JCP, 2 juillet 2024 — 24/02479

Infirme la décision déférée dans toutes ses dispositions, à l'égard de toutes les parties au recours Cour de cassation — JCP

Texte intégral

TRIBUNAL JUDICIAIRE de LILLE [Localité 16]

N° RG 24/02479 - N° Portalis DBZS-W-B7I-YDGI

N° minute : 24/00177

Contestation des mesures imposées par la commission de surendettement des particuliers

Débiteur : Mme [H] [F]

PROCEDURE DE SURENDETTEMENT

JUGEMENT DU : 02 Juillet 2024

COMPOSITION DU TRIBUNAL

Président : Mélanie COCQUEREL

Greffier : Fanny ROELENS

dans l’affaire entre :

DEMANDEUR :

M. [Y] [J] [Adresse 9] [Localité 11] Créancier Représenté par Me Olivier BERNE, avocat au barreau de LILLE

ET

DÉFENDEURS :

Mme [H] [F] [Adresse 2] CHEZ M [O] ET MME [E] [F] [Localité 21] Débiteur

Société [30] Direction du retour à l'emploi - PAOI - SLF [Adresse 12] [Localité 17]
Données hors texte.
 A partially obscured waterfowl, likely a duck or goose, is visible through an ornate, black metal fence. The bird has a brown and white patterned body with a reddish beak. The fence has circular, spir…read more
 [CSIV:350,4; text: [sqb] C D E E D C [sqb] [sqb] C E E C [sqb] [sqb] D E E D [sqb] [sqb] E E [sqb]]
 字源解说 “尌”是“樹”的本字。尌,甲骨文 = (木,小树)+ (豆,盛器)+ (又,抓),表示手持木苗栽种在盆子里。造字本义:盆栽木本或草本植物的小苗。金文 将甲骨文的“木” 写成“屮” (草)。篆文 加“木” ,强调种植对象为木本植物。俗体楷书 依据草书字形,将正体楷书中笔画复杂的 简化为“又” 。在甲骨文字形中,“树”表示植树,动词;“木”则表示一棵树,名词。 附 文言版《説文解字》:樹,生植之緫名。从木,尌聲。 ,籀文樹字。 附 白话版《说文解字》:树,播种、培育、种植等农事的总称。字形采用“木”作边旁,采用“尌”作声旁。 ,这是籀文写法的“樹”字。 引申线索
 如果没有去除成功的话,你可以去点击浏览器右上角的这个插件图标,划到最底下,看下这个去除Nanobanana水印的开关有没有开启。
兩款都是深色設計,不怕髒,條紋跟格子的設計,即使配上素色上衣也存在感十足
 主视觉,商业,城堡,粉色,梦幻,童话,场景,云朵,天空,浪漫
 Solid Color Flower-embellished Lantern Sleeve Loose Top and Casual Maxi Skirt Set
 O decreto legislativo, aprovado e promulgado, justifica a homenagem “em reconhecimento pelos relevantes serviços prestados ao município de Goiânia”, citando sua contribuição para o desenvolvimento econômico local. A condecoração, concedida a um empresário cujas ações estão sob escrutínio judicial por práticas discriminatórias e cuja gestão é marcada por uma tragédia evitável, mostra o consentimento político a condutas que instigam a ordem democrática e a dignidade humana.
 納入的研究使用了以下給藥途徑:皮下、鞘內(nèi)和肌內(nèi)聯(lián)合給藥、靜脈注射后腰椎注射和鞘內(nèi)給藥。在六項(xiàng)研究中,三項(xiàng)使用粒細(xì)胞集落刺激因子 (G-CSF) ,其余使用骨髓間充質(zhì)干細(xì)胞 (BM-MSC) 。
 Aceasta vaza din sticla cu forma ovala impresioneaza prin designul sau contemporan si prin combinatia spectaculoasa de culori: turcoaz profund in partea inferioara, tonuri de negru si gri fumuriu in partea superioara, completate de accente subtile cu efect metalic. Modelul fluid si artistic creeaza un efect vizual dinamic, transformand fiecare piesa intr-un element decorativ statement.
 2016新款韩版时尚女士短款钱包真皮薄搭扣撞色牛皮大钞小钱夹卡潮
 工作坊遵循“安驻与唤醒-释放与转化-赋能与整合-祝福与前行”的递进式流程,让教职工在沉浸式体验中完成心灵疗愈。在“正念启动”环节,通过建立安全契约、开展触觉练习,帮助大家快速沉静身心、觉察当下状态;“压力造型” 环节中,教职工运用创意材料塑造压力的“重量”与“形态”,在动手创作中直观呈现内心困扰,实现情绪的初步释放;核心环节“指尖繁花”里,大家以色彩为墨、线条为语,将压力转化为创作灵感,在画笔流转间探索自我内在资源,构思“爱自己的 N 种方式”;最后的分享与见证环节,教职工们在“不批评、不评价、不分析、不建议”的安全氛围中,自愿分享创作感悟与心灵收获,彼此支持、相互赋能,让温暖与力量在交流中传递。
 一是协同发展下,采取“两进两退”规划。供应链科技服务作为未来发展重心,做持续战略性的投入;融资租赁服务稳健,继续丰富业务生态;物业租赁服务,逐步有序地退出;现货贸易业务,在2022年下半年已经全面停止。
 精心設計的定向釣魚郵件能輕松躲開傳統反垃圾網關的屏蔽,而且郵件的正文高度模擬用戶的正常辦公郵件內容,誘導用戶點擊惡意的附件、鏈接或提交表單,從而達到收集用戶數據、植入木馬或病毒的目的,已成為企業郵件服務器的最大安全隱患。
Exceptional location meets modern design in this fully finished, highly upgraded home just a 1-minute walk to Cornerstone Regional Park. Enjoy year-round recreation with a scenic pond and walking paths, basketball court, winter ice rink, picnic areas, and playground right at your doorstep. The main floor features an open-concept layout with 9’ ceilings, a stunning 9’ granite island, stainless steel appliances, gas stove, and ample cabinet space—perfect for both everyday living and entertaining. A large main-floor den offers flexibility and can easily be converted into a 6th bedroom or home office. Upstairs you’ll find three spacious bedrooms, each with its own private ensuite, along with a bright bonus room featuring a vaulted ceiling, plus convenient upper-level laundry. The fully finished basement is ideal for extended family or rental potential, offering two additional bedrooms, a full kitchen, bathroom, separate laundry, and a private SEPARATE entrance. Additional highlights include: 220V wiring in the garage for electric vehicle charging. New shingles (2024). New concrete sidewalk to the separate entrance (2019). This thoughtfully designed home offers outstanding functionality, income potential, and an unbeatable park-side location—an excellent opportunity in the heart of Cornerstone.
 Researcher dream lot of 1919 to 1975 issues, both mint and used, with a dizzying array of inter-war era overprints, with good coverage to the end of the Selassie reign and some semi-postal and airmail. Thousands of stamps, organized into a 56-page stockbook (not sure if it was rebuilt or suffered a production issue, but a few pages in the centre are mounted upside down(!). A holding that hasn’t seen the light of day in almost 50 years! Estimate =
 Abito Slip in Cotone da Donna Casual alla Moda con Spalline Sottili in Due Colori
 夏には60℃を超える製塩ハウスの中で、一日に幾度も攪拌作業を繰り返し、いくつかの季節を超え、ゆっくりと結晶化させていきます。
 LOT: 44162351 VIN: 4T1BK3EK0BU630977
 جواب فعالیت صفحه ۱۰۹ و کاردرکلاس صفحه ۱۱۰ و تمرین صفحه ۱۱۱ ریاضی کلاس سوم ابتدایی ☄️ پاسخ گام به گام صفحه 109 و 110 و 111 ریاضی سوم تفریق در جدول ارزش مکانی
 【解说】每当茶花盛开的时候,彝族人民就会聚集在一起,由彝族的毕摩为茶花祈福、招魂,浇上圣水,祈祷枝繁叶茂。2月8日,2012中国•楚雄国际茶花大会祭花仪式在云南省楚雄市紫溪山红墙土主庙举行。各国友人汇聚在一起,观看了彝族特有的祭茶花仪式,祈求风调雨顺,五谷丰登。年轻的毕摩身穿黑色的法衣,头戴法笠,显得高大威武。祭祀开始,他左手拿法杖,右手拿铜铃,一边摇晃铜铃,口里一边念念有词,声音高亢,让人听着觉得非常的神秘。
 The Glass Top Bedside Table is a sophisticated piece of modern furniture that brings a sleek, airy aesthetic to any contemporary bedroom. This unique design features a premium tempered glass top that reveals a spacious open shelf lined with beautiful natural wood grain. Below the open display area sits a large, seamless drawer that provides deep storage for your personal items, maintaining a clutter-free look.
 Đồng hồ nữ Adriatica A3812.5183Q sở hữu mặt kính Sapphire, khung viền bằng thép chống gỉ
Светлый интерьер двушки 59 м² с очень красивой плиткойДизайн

Société [40] [Adresse 42] [Adresse 42] [Localité 14]

Société [28] [43] - SERVICE CLIENTS [Adresse 27] [Localité 5]

Société TRESORERIE [Localité 35] AMENDES [Adresse 13] [Adresse 13] [Localité 35]

Société CAF DU NORD [Adresse 24] [Adresse 24] [Localité 15]

Société [31] [Adresse 8] [Localité 20]

Société [39] [Adresse 3] [Localité 18]

Société [32] domiciliée : chez [33] Pôle surrendettement [Adresse 26] [Localité 22]

Société [38] M. [S] [R] [Adresse 7] [Localité 23]

Société [34] SARL domiciliée : chez [36] Nanti A [Adresse 1] [Localité 10]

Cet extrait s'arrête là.